The second China-related risk, which is in fifth place overall, with a GBI of 26 (down from 28 in the previous report), relates to default contagion from industry, property and local government: in this instance the slowing of China’s real GDP growth to below 5% would seriously affect the growth prospects for many emerging markets.

Dun & Bradstreet is maintaining its real GDP growth prediction of 0.4% for next year (below the Bank of England's revised 0.8% forecast), as well as our 2.4% inflation forecast.
Warwick Knowles, Economics & Global Risk, Dun & Bradstreet

The other joint top-place risk is associated with the UK’s ‘Brexit’ vote. Here, we assign a 75% likelihood to the UK leaving the EU in an orderly way, with limited spillover effects. Nevertheless, short-term uncertainty about the post-Brexit relationship between the UK and the EU will still impact on the global business environment. Also related to the vote, and also a new entry, is our concern that Brexit could lead to a significant downturn in the wider region, hitting global demand. We have assigned a likelihood of 25% of this happening, with a GBI score of 20, putting this risk in equal seventh place.

The second-highest new entry, and in third place overall, is related to the growing dangers created by cyber-crime. We are concerned that rapidly growing cyber-dependence and connectivity will lead to increasingly frequent and more damaging cyber-attacks, with ramifications for doing business. We assign a 70% likelihood to this outcome, with a global impact of 2, giving a GBI score of 28.

In fourth place overall is the second pan-regional risk. The potential collapse of a deal between the EU and Turkey would lead to a fresh influx of migrants into Western Europe, threatening both social stability in Europe and local supply chains. We have increased the likelihood of this happening from 40% to 45%, with a consequent increase in the GBI from 24 to 27.

Another new entry is in sixth place with a GBI score of 22. This relates to a strong La Nina weather phenomenon in H2 bringing heavy rains and prompting severe storms and flooding that negatively affect the agricultural sector and infrastructure around the littoral countries of the Pacific Ocean.
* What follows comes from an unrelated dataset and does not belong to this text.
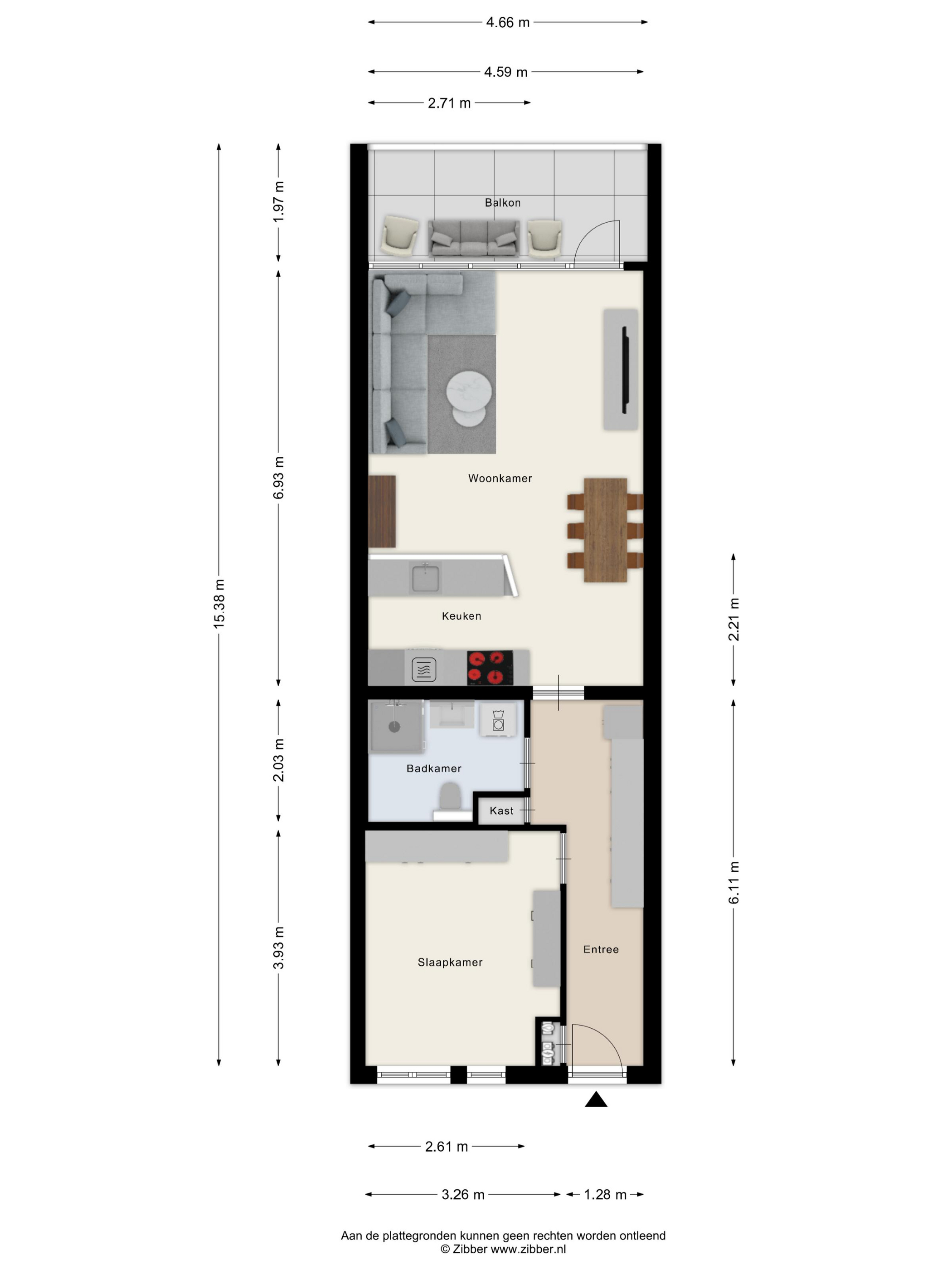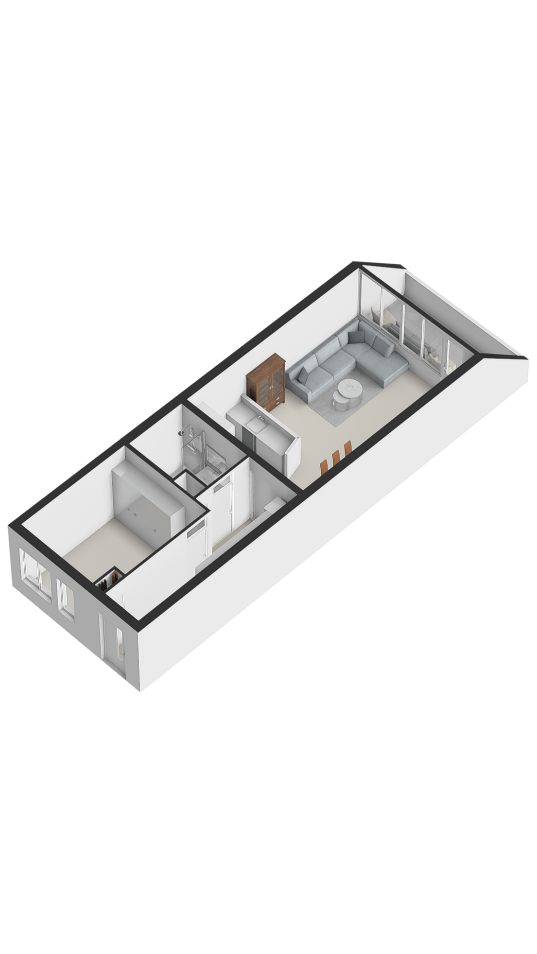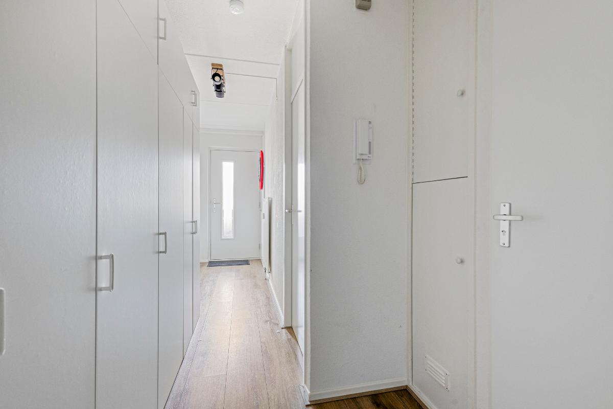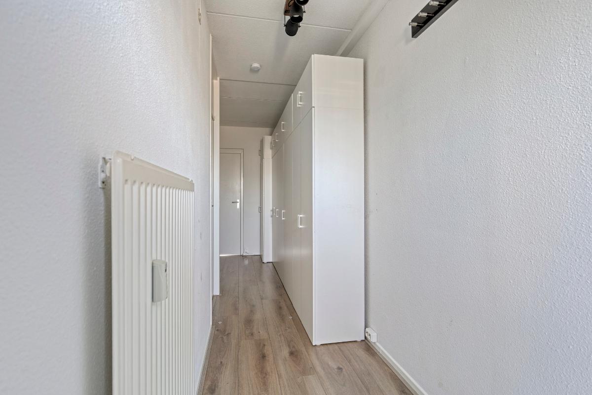 Hal: De ruime hal biedt toegang tot de woonkamer, de slaapkamer en de badkamer. De hal is voorzien van de meterkast en een ingebouwde voorraadkast.

The final new entry, which emanates from Latin America, is in equal seventh place with a GBI of 20. We are concerned that widespread public discontent across the region in response to the collapsing regional economy will lead to a sharp rise in violent anti-government protests that disrupt the rule of law and further impair the already weak business environment.

Also in equal seventh place, with a GBI of 20 (down from first place and a GBI of 30 in the previous report), is the potential collapse of the TTIP negotiations between the US and the EU after the US presidential election in November; neither candidate appears to support the agreement. This would seriously undermine growth prospects for cross-border trade and investment. Indeed, it could have knock-on effects on other cross-border trade and investment deals.

Finally, with a GBI score of 20 (the same as the previous report) is our concern that the perceived rise in global uncertainty and continued weak growth will see the US dollar strengthening again. This will add further volatility to global markets and also raise risk associated with emerging economies.

Business Environment Remains Challenging

The Dun & Bradstreet Global Business Impact score for Q3 2016 highlights that risks facing businesses have increased somewhat in the quarter, and also that although they are still elevated, they are below their historic highs of 2014. The business environment remains challenging and business decision-makers need to be aware of the rapidly changing risk environment.